### Task statement
Lower down are entries containing pictures. Copy exactly, without those pictures, the lines from the line with "Brushed Sterling Silver" through the line with "Biogas reactor plant".

### Given entries
=== Begin Enclosure ===
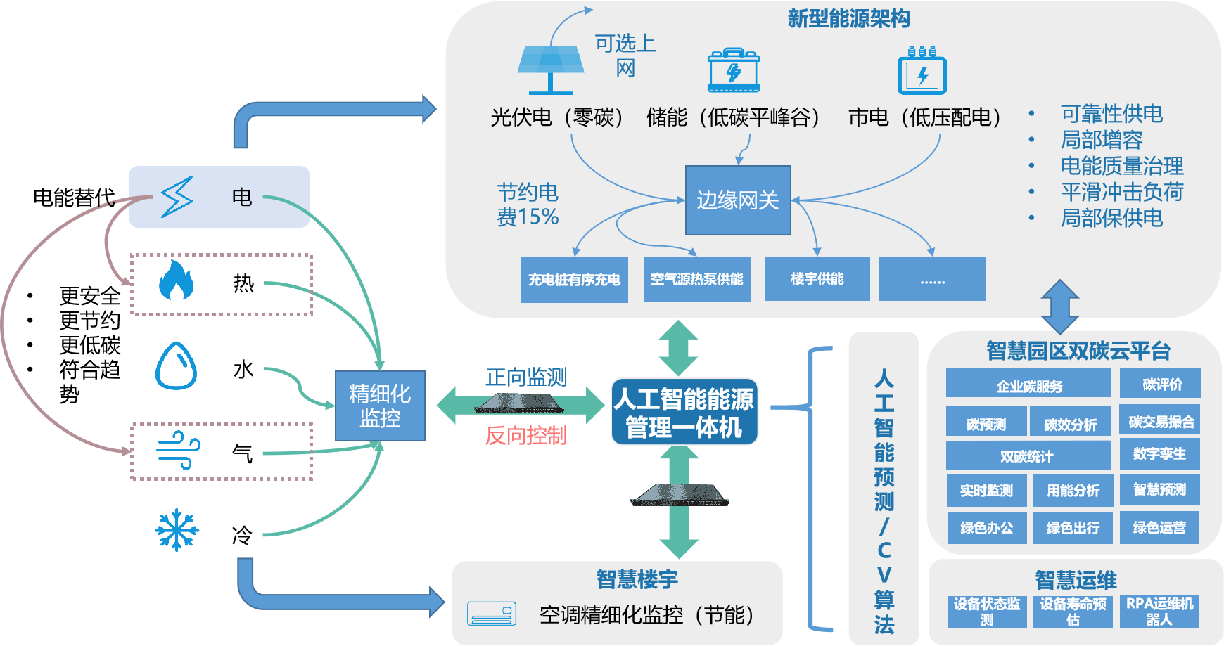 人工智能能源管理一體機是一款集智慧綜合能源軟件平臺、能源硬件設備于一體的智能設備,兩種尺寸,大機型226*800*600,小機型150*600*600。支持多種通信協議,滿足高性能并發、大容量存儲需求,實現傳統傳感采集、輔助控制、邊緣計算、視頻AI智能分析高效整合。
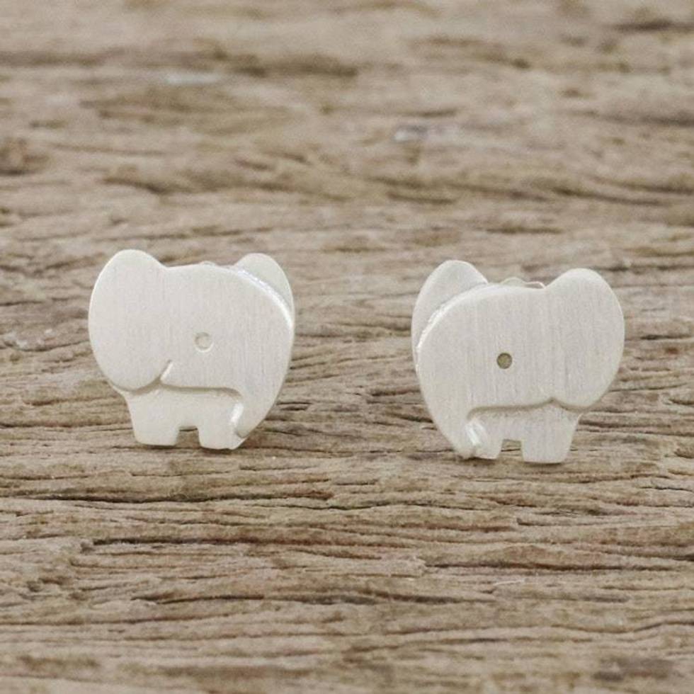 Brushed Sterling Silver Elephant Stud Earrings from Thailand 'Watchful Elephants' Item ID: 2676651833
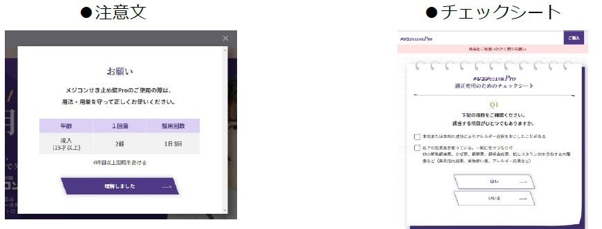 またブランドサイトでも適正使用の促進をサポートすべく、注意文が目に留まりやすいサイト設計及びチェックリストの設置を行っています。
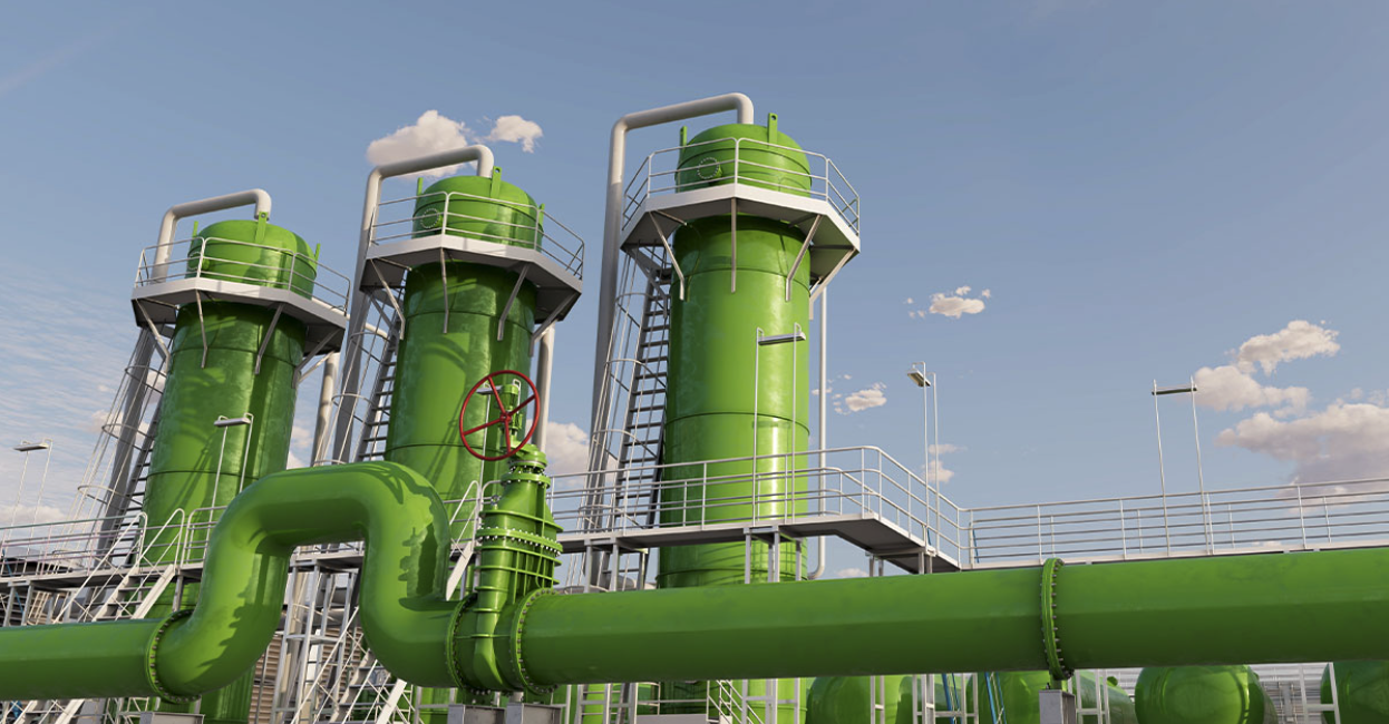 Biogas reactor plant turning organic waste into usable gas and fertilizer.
=== End Enclosure ===
=== Begin Enclosure ===
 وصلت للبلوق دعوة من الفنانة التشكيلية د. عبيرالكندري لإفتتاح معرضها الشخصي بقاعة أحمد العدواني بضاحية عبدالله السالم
=== End Enclosure ===
=== Begin Enclosure ===
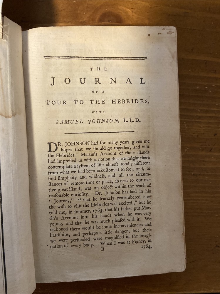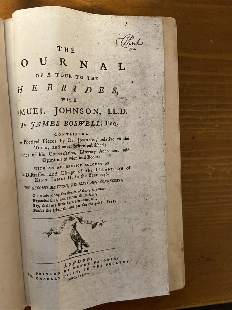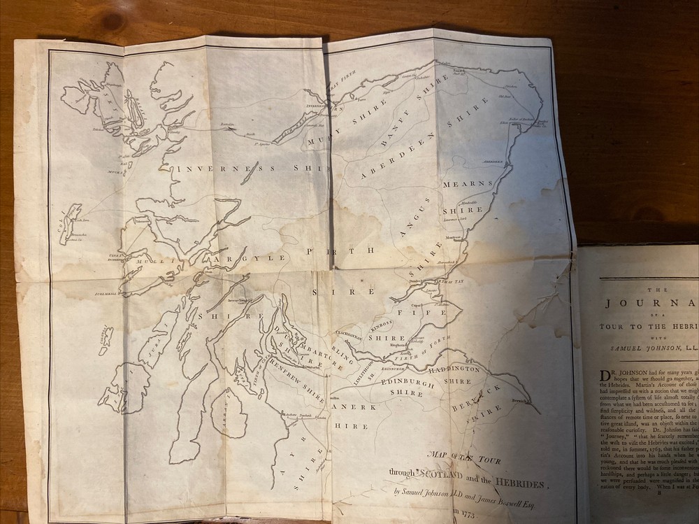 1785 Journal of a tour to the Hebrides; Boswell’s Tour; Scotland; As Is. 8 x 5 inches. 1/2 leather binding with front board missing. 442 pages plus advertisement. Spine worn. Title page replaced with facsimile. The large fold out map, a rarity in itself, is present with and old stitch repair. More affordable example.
=== End Enclosure ===
### Answer below
 Brushed Sterling Silver Elephant Stud Earrings from Thailand 'Watchful Elephants' Item ID: 2676651833
 またブランドサイトでも適正使用の促進をサポートすべく、注意文が目に留まりやすいサイト設計及びチェックリストの設置を行っています。
 Biogas reactor plant turning organic waste into usable gas and fertilizer.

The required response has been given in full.